**Your goal**
Give again, word for word, every line in the entries below from the line with "When a portal" up to and including the line with "슈슈통 우먼 보우 웨이스트 플리츠 스커트 그레이 - 25FW", and no other line.

-------- Data records

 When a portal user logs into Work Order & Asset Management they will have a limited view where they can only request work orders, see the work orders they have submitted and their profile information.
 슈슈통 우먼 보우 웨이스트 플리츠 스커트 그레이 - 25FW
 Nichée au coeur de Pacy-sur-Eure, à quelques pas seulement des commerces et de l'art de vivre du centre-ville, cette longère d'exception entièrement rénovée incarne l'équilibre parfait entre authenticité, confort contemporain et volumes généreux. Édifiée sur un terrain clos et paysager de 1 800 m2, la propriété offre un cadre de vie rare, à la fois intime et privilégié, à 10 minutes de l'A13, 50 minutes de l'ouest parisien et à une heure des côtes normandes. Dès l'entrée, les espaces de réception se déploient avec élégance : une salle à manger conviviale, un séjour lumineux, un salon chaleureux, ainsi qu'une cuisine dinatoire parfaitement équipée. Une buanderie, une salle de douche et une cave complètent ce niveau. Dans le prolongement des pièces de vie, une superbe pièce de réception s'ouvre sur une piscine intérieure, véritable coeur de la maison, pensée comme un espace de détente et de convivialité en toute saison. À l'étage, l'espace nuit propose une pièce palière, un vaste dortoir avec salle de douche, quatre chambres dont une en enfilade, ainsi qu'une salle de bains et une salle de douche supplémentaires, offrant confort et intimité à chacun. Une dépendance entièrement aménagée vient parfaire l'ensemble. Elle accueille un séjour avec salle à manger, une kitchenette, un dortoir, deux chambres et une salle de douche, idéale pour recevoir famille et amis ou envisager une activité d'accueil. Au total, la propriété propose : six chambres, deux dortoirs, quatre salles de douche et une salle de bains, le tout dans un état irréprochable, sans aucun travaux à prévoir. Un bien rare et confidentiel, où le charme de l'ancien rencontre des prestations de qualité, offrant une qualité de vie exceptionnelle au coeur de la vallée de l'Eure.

----------------
-------- Data records

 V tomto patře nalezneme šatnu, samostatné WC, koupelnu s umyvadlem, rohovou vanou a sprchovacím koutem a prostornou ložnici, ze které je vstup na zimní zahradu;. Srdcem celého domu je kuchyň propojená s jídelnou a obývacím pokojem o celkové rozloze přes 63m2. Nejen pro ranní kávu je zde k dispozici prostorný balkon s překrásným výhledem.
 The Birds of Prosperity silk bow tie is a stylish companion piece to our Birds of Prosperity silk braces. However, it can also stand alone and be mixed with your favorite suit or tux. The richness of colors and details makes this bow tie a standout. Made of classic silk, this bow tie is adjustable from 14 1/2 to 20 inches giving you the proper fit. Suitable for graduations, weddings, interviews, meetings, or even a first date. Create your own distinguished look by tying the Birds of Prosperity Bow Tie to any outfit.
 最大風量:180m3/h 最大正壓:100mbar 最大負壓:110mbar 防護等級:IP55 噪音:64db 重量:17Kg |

----------------

**Solution**
 When a portal user logs into Work Order & Asset Management they will have a limited view where they can only request work orders, see the work orders they have submitted and their profile information.
 슈슈통 우먼 보우 웨이스트 플리츠 스커트 그레이 - 25FW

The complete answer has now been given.